I hate how you can't find decent Paint-editable base maps anymore for some reason, but here's the best I could do with what I have to work with:



This is trend, so controlling for national swing.

Worth noting that while Nordeste moved significantly to the right this time around, that comes after two cycles of a pretty intense leftward trend. Especially impressive that in some states Haddad did better than Dilma'14 or Dilma'14 did better than Dilma'10 (or both in Paraíba's case!). So the Nordeste still came in strong for Lula. It also seems like it tends to trend toward the incumbent when there is one running, so the move toward Bolsonaro makes some amount of sense in this regard.

On the other hand, I'm not sure what exactly is happening to Amazonas: it's been trending right every election since 2010. I guess deforestation might be helping the right there, but even then isn't most deforestation happening in Pará, Mato Grosso and Rondônia? I'd be interested in an explanation there.

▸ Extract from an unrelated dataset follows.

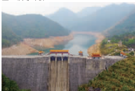
空中俯瞰城坪冲水库
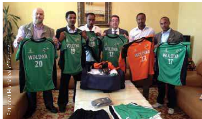
Entrega de material esportiu als representants de Woldiya

As already seen, Lula improved a lot in the South and Southeast. In São Paulo this seems to be a sustained gain, while elsewhere it's mostly a recovery from the PT's crash in the past few elections. The Rio trend in 2018 in particular was brutal and doesn't seem like something PT can easily recover from.

Maybe this will help.

https://commons.wikimedia.org/wiki/Category:Blank_maps_by_country

Unfortunately, a lot of them are SVG. But there's lots of PNG in there too.